Adjust the Order of COPY and RUN Commands

Place the parts that are not to be changed frequently at the front of your Dockerfile to make the most out of the image cache.

In the example Dockerfile, its source code changes frequently. Every time the image is built, the NPM is reinstalled. For example, copy package.json first, then install NPM, at last copy the rest of the source code. In this way, changes of the source code will not result in repetitive installation of NPM.

FROM node:7-alpine

WORKDIR /app

COPY package.json /app  
RUN npm install  
COPY . /app

ENTRYPOINT ["./entrypoint.sh"]  
CMD ["start"]

Set Default Environment Variables, Mapping Ports, and Data Volumes

Environment variables may be required when running a Docker container. Setting default environment variables in Dockerfile is a good choice. In addition, you can set mapping ports and data volumes in the Dockerfile. Example:

FROM node:7-alpine

ENV PROJECT_DIR=/app

WORKDIR $PROJECT_DIR

COPY package.json $PROJECT_DIR  
RUN npm install  
COPY . $PROJECT_DIR

ENTRYPOINT ["./entrypoint.sh"]  
CMD ["start"]

The environment variable specified by the ENV instruction can be used in a container.

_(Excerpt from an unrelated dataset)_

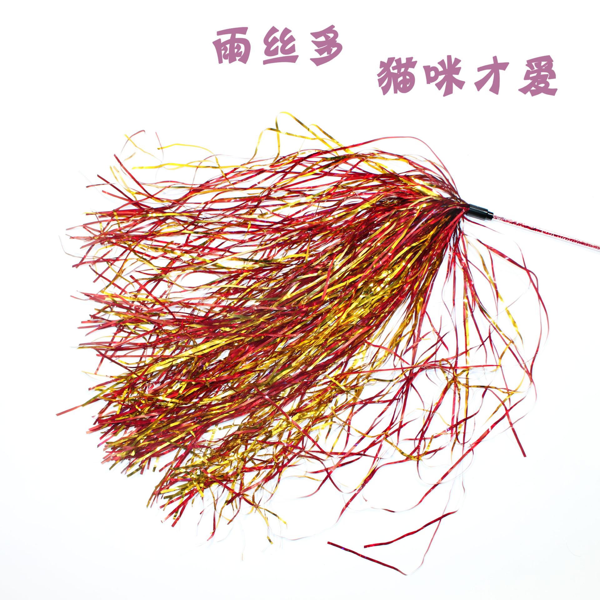 크리스마스 컬러 레인 실크 스트립 고양이 스틱 자체 즐거움과 지루함 해소 장난감 재고 있음 도매 고양이 인터랙티브 미니

If you only need to specify the variables used in image build, you can use the ARG instruction.

Use the EXPOSE Command to Specify Listening Ports

The EXPOSE instruction is used to specify listening ports to containers. Select common ports for your applications. For example, for the image that provides the Apache web service, use EXPOSE 80; while for the image that provides the MongoDB service, use EXPOSE 27017.

For external access, use a flag to indicate how to map a specified port to the selected port during the execution of the docker run command.

FROM node:7-alpine

ENV PROJECT_DIR=/app

WORKDIR $PROJECT_DIR

COPY package.json $PROJECT_DIR  
RUN npm install  
COPY . $PROJECT_DIR

ENV APP_PORT=3000
EXPOSE $APP_PORT

ENTRYPOINT ["./entrypoint.sh"]  
CMD ["start"]

Use the VOLUME Command to Manage Data Volumes

The VOLUME instruction is used to access database storage files, configuration files, or files and directories of created containers. It is strongly recommended that the VOLUME instruction be used to manage the image modules that can change or the modules modifiable for users.

In the example Dockerfile, a media directory is entered.

FROM node:7-alpine

ENV PROJECT_DIR=/app

WORKDIR $PROJECT_DIR

COPY package.json $PROJECT_DIR  
RUN npm install  
COPY . $PROJECT_DIR

ENV MEDIA_DIR=/media \  
    APP_PORT=3000

VOLUME $MEDIA_DIR  
EXPOSE $APP_PORT

ENTRYPOINT ["./entrypoint.sh"]  
CMD ["start"]

Use Labels to Configure Image Metadata

Add labels to images to help organize images, record permissions, and automatic image build. Starting with LABEL, add one or more labels with each label occupying one line.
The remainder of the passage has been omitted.